* [DATASET EXCERPT]:
____________

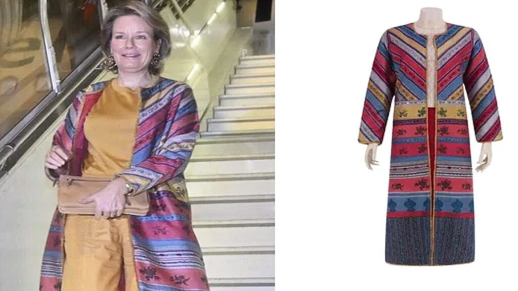 রানি মাথিল্ডে জ্যাকেটটি পরেছেন ধাতব সোনালি রঙের একরঙা কো-অর্ডস সেটের ওপর। প্যান্ট আর টপের ওপর জড়িয়েছেন জ্যাকেটটি। মেরুন আর নীলচে শেডের রঙিন মেলবন্ধন পোশাকটিকে আরও দৃষ্টিনন্দন করেছে। পোশাকটি তৈরি করেছে বাংলাদেশের লাইফস্টাইল ব্র্যান্ড আড়ং। তবে পোশাকটি বাংলাদেশে তৈরি হলেও রানি সেটি পরেছিলেন যখন তিনি আফ্রিকান দেশ আইভরি কোস্টে রাষ্ট্রীয় সফরে গিয়েছিলেন। ইনস্টাগ্রামের ওই ছবিটি গত মার্চের ৩ তারিখে তোলা।
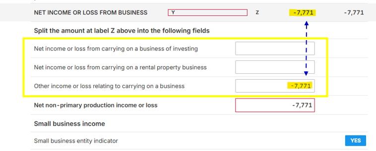 NOTE: If the amount in Label Z is negative (Net Loss) -7,771 , then you need to input a negative value as well in the applicable line item (3 items in yellow box below) for the split of label Z amount of -7,771.
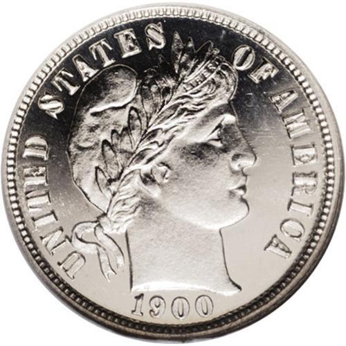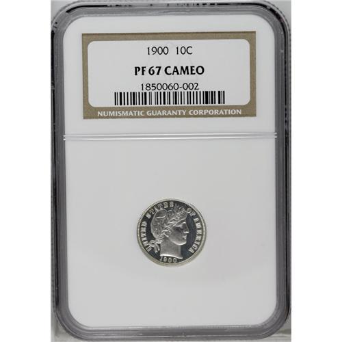 <B>1900<10C> PR67 Cameo NGC.</B></I> Always a popular date with type collectors, this is a wonderful example that is brilliant throughout. The fields are deeply reflective and a significant amount of mint frost is seen over the devices on each side, which gives the coin a noticeable cameo contrast. There are no mentionable contact marks on either side of this Superb type coin. Census: 10 in 67, 4 finer (3/06).
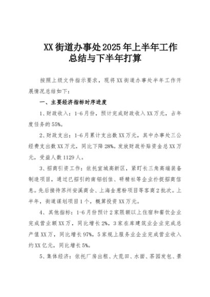 / 【七哥公文】2025年:XX街道办事处2025年上半年工作总结与下半年打算+更多免费公文+VX:QiGeGongWen2024

____________

* [TASK GOAL]:
Starting at the line that holds "NOTE: If the" and ending at the last line of the material above, repeat each line exactly, both ends included, and leave the pictures out.

* [REPLY]:
 NOTE: If the amount in Label Z is negative (Net Loss) -7,771 , then you need to input a negative value as well in the applicable line item (3 items in yellow box below) for the split of label Z amount of -7,771.
 <B>1900<10C> PR67 Cameo NGC.</B></I> Always a popular date with type collectors, this is a wonderful example that is brilliant throughout. The fields are deeply reflective and a significant amount of mint frost is seen over the devices on each side, which gives the coin a noticeable cameo contrast. There are no mentionable contact marks on either side of this Superb type coin. Census: 10 in 67, 4 finer (3/06).
 / 【七哥公文】2025年:XX街道办事处2025年上半年工作总结与下半年打算+更多免费公文+VX:QiGeGongWen2024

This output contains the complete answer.